前言
我们都知道,在大数据领域,Hive的出现帮我降低了许多使用Hadoop书写方式的学习成本.使用用户可以使用类似Sql的语法规则写明查询语句,从hive表数据中查询目标数据.最为重要的是这些sql语句会最终转化为map reduce作业进行处理.这也是Hive最强大的地方.可以简单的理解为Hive就是依托在Hadoop上的1个壳.但是这里有一点点小小的不同,不是每段hive查询sql语句与最后生成的job一一对应,如果你的这段sql是一个大sql,他在转化掉之后,会衍生出许多小job,这些小job是独立存在运行的,以不同的job名称进行区别,但是也会保留公共的job名称.所以一个问题来了,对于超级长的hive sql语句,我想查看到底是哪段子sql花费了我大量的执行时间,在JobHistory上只有每个子Job的运行时间,没有子Job对应的sql语句,一旦这个功能有了之后,就会帮助我们迅速的定位到问题所在.
Hive子Job中的Sql
OK,带着上述的目标,我们要想分析出到底哪段子sql所衍生的job运行时间更长,就要先知道这些sql到底在存在与哪里.在前面的描述中,已经提到了,Hive是依托于Hadoop,自然Hive提交的job信息也是保存在Hadoop的HDFS上的.在联想一下JobHistory中的各个文件类型.你应该会发现带有下面后缀的文件存在.

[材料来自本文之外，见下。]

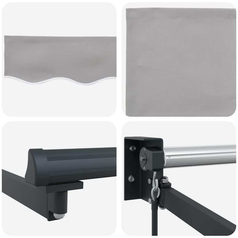 Този модерен прибираем сенник е перфектен баланс между стил и полезност, осигурявайки сянка в градината или на терасата. Неговият минималистичен вид се вписва идеално в почти всяко пространство, а за любителите на открито, той предлага практично решение за трансформиране на откритите площи в комфортно и сенчесто място. Материали: Изработен е от здрав полиестер и алуминий, за да осигури дълготрайност. Полиестерът е устойчив на износване и UV лъчи, а алуминият е лек и здрав, което осигурява надеждност и качество. Включени компоненти: Пакетът включва рамката на сенника и полиестерния покрив. Всеки елемент е проектиран да е лесен за инсталация. Полиестерът осигурява сянка, а рамката е стабилна. Характеристики: С прибираемия механизъм, можете лесно да настроите сенника според нуждите си. Устойчив на избледняване и атмосферни влияния, той ще издържи на всякакви условия, а светло сивият цвят допълва вашето открито пространство. Препоръчителни употреби: Идеален за тераси, палуби или градински пространства, предлага гъвкава сянка. Подходящ е за социални събирания, отпускащи моменти на открито или просто почивка от слънцето. Лекотата на настройването му го прави ценен помощник за всяко открито събитие. Грижа и поддръжка: Лесно е да се поддържа в отлично състояние; редовното почистване на тъканта е достатъчно. Проверявайте ръчно механизма, за да сте сигурни, че всичко работи плавно. Покрай неблагоприятни условия, покритията помагат за удължаването на живота на сенника. Опасност! Силен отскок при отваряне. НЕ сваляйте това въже, освен ако не сте приключили с всички стъпки на сглобяване. Всички болтове трябва да са затегнати и елементът да е прикрепен към стената! Предупреждение! Внимавайте, когато разхлабвате рамената, защото те са под напрежение! Внезапното освобождаване на рамо на сгъваема тента може да причини нараняване. Внимание: Инструкциите за ползване трябва да бъдат прочетени преди употребата на продукта. Предупреждение: Работата в студени условия може да повреди продукта. Външна употреба в сгради и други строителни обекти.

我们发现里面包含了之前分析过的.jhist文件,还有带conf字符的.xml格式文件,从文件名上来看就是job提交时的一些配置信息,然后我们用vim命令查阅conf.xml后缀的文件,看看里面是不是有我们想要的hive qury string 这样的属性
OK,目标算是找到了,这的确就是我们想要的属性.说明这样的信息的确是存在的,后面的操作就是怎么去解析这段有用的信息了.
程序工具分析Hive Sql Job
知道了目标数据源,我们能想到的最简单快速的方法就是逐行解析文件,做做文本匹配,筛选关键信息.这些代码谁都会写,首先要传入一个HDFS目录地址,这个是在JobHistory的存储目录上加上一个具体日期目录,这段解析程序在文章的末尾会加上.下面列举在调试分析程序时遇到的一些问题,这个还是比较有用的.
1.hive sql中的中文导致解析出现乱码
这个又是非常讨厌的java解析出现乱码的原因,因为考虑到sql中存在中文注释,而Hadoop在存中文的时候都是用utf8的编码方式,所以读出文件数据后进行一次转utf-8编码方式的处理,就是下面所示代码.
- …
- fileSystem = path.getFileSystem(new Configuration());
- in = fileSystem.open(path);
- InputStreamReader isr;
- BufferedReader br;
- isr = new InputStreamReader(in, “UTF-8”);
- br = new BufferedReader(isr);
- while ((str = br.readLine()) != null) {
- …
2.单线程解析文件速度过慢
之前在测试环境中做文件解析看不出真实效果,文件一下解析就OK了,但是到真实环境中,多达几万个job文件,程序马上就吃不消了,算上解析文件,再把结果写入mysql,耗时达到60多分钟,后面改成了多线程的方式,后来开到10个线程去跑,速度才快了许多.
3.结果数据写入MySql过慢
后来处理速度是上去了,但是写入sql速度过慢,比如说,我有一次测试,开10个线程区解析,花了8分钟就解析好了几万个文件数据,但是插入数据库花了20分钟左右,而且量也就几万条语句.后来改成了批处理的方式,效果并没有什么大的改变,这个慢的问题具体并没有被解决掉,怀疑可能是因有些语句中存在超长的hive sql语句导致的.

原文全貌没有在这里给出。